# Iris (siri) voice assistant on the touchpad



## newarkhiphop (Aug 25, 2011)

hey guys just wanted to let you know its possible to have the Iris voice assitant on the TP, iris is a port of the IOS "siri" here are some threads on it

http://www.xda-developers.com/android/enter-iris-so-long-siri-we-hardly-knew-ye/

http://forum.xda-developers.com/showthread.php?p=18550988#post18550988

the app itself is on the android market but you need Google Voice Search and TTS Libary on your touchpad for it to work, TTS library was already on the Touchpad but voice search was not

Found it in the market but it says that the touchpad is not supported. Did some googling  and was able to find a .apk link and side loaded on the touch pad no problem

At first voice recognition was pretty awful but them i went into DSPManager in our app drawer and changed a couple of settings that made it much better

- effect strength to moderate
-made sure bass boost was disabled
-selected Vocal booster under select preset.

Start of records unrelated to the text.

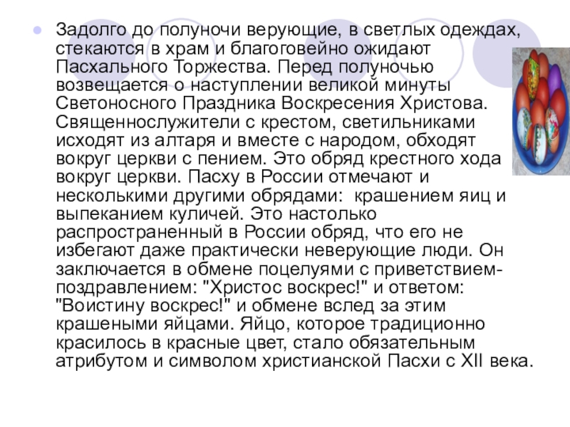 благоговейно ожидают Пасхального Торжества. Перед полуночью возвещается о наступлении великой минуты Светоносного Праздника Воскресения Христова. Священнослужители с крестом, светильниками исходят из алтаря и вместе с народом, обходят вокруг церкви с пением. Это обряд крестного хода вокруг церкви. Пасху в России отмечают и несколькими другими обрядами: крашением яиц и выпеканием куличей. Это настолько распространенный в России обряд, что его не избегают даже практически неверующие люди. Он заключается в обмене поцелуями с приветствием-поздравлением: "Христос воскрес!" и ответом: "Воистину воскрес!" и обмене вслед за этим крашеными яйцами. Яйцо, которое традиционно красилось в красные цвет, стало обязательным атрибутом и символом христианской Пасхи с XII века.
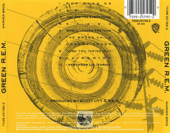 Great news today that took me on a nostalgia trip… R.E.M.’s Warner Bros. debut Green will be getting a reissue.  The 1988 record will be a deluxed CD that includes some art and live recordings. There will also be a vinyl package that recreates the original 1988 art.
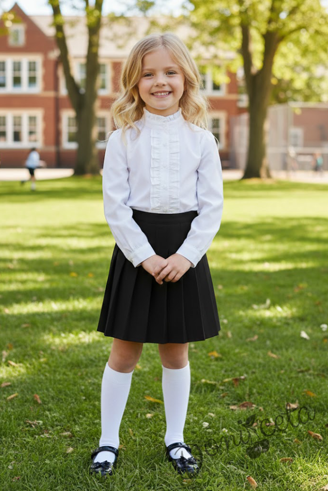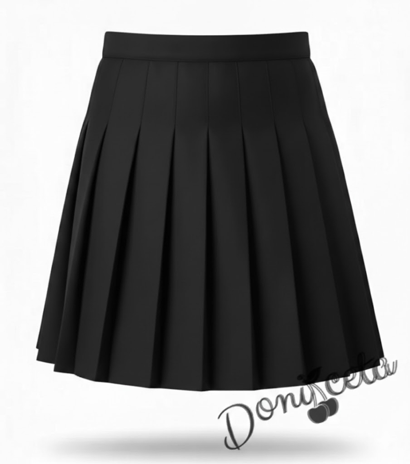 Начало МОМИЧЕТА Комплект от 2 части-плисирана пола в черно до коляното и риза с дълъг ръкав с висока яка
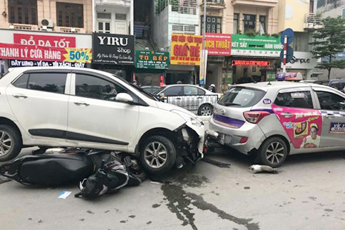 Theo một số nhân chứng, chiếc xe ô tô Huyndai đâm vào 2 xe máy và xe taxi lưu thông phía trước. Cùng lúc đó, 2 chiếc xe máy đi phía sau đã va vào xe buýt chạy tuyến Bác Cổ - Yên Nghĩa. Hậu quả khiến ít nhất 3 người bị thương, và đã được đưa vào bệnh viện cấp cứu.
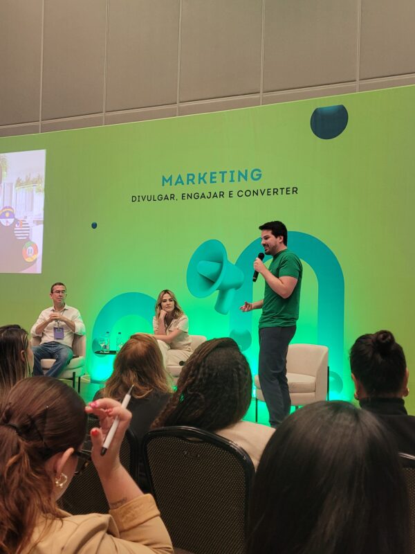 O talk “Marcas que respiram”, de Fred Gelli, CEO da Tátil Design, que abordou a construção de marcas autênticas com base na sustentabilidade, diversidade e transformação. Uma de suas frases mais marcantes sintetiza o tom do evento:
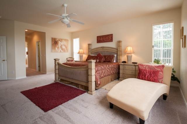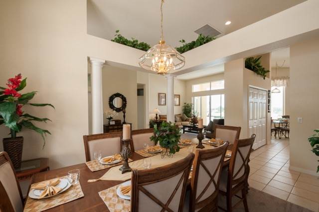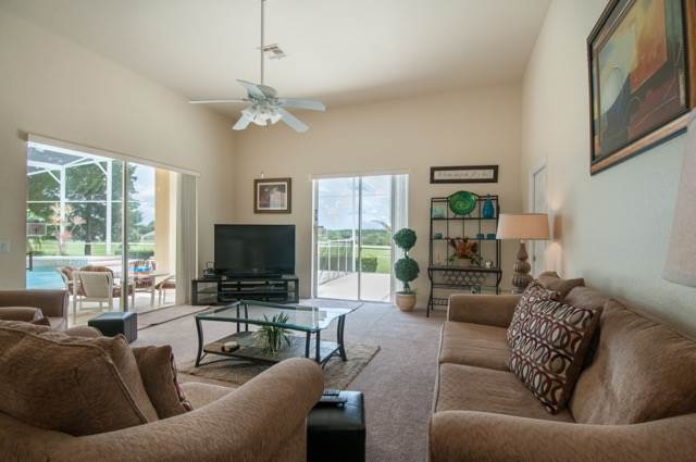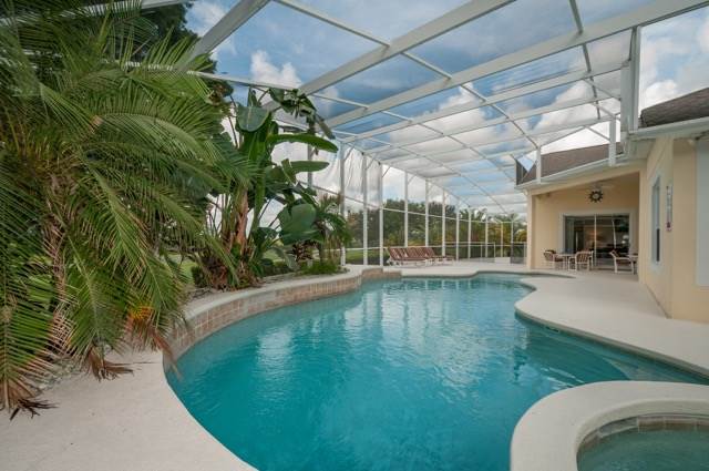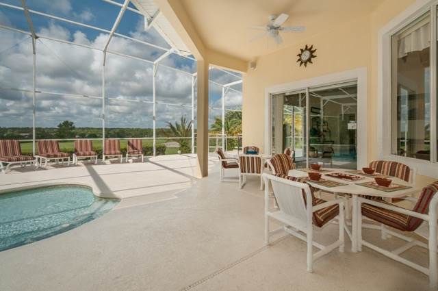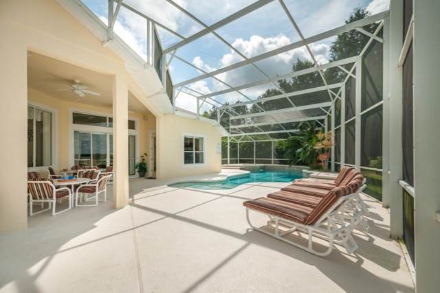 The property is situated at the top of a cul-de-sac, and it is not overlooked on either side. It has a panoramic view from the rear looking down on the green of the 17th hole, so you too can enjoy a beautiful view of the course at any time of the day or watch the stunning sunset in the evening! To say that the pool deck is extended is an absolute understatement! We have a large area at one end that is ideal for sun bathing away from the pool. We have a large covered lanai which is ideal for when the sun is just too hot! The pool itself is free form and larger than the norm! If needed, the pool can be heated by electric topped up by gas for an additional fee. Within the deck, we also have a small area of trees and shrubs so the park has come into the pool area.

Will be honest it very limited to what it can do on the touch pad so far you can ask basic question about time,weather, what is... tell me about.... search this.... and it it wrong about half the time BUT its an app that is in alpha phase so

anyways here is a very quick vid i did search for pizza hut and blockbuster and how to say hello in french


----------



## esjayrockz (Nov 25, 2011)

Could anyone suggest the apps required like a proper TTS ? When i press the blue button in IRIS , the google voice doesnt pop up and instead the blue circle becomes red. How do i bring the google voice thing ? I have it downloaded.


----------